— Воздействию, — буркнул Санин. — Это вы называете воздействием? Семнадцать трупов и столько же кандидатов в покойники?
Байлаков запнулся…
— Я же не виноват.
— Продолжайте, товарищ профессор, — тихо и серьезно попросил Мезенцев, укоризненно глянув на подполковника.
— В результате, субъективная длина дромоса… объекта перехода, — поправился ученый, — выросла примерно на одну пятую, а условное поперечное сечение соответственно уменьшилось приблизительно на четверть. Причины, вызвавшие процесс неизвестны, — вздохнул Байлаков. — Хотя…
Бросил быстрый взгляд в сторону Арс Мака.
— По словам специалистов, специфические методы воздействия на природу можно отбросить сразу.
— Точно, — подтвердил Аор. — Ни одна магия не может повлиять на Основу Мира.
— У меня всё, — суммировал Сергей Сергеевич.
— И какой вывод из всего этого может сделать наша наука? — в голосе генерала прозвучал неприкрытый сарказм.

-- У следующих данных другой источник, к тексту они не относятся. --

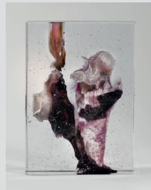
Antoine Leperlier Espace d'un Instant XXVIII , pâte de verre à inclusion triple cuisson, cadre acier noir, 33x33x24cm (verre), 80x59x20cm (cadre), n°2180117, 2018. Photographie avec l'autorisation de l'artiste.
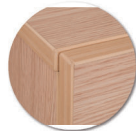
Chants polypropylène (PP) de 2 mm

— Пока очень мало данных, — сообщил Байлаков, пролистав записи. — Возможно, в межпространстве произошло какое-то редкое явление, вроде циклона или землетрясения. Возможно, что это какие-то естественные процессы в дромосе. Как скажем… ммм… новостройка даёт усадку и трещины, так возможно и созданный нами объект перехода стремится стабилизироваться.

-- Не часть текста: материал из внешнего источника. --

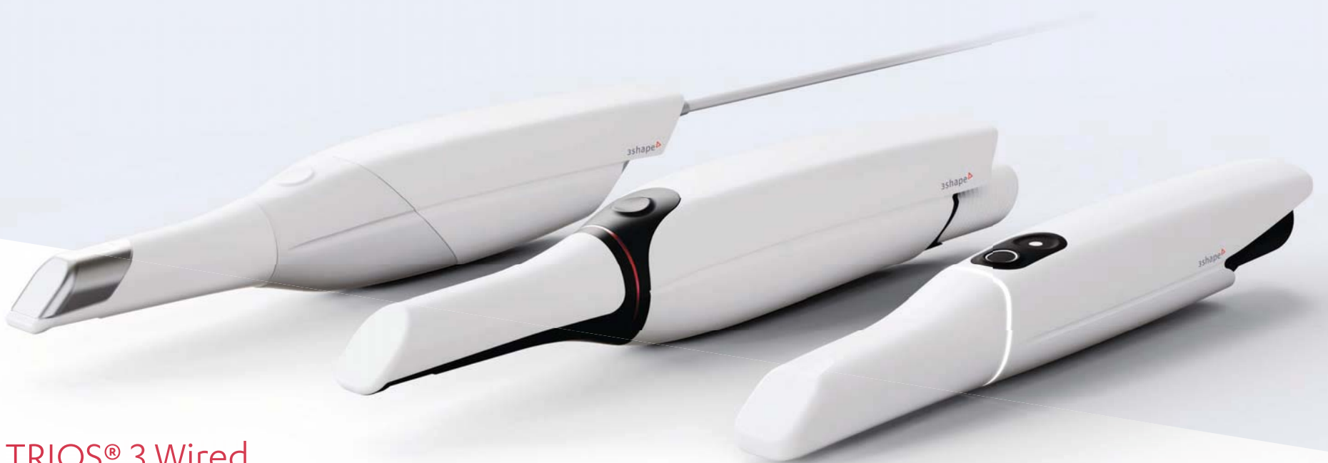
TRIOS® 3 Wired

— То есть, если я вас правильно понял, повторение чего-то подобного не исключено? — уточнил Мезенцев.
Вновь молчаливый кивок.
— А поконкретнее?
— Я дам ответ завтра. После того как будут обработаны данные из шестнадцатой лаборатории, — соврал, не моргнув, Байлаков.
Соврал, потому что данные у него уже были, и сейчас проходили проверку в его родном институте, куда он их переслал по спецсвязи несколько часов.
Если то, что они обнаружили, соответствует истине, на проекте «Порог» можно ставить жирный крест. И не исключено что это будет крест и на его карьере.
Октябрьск. Военный госпиталь. За несколько часов до этого
— Только прошу вас, недолго, — еще раз повторила Ташкова. — Он и так очень плох, и…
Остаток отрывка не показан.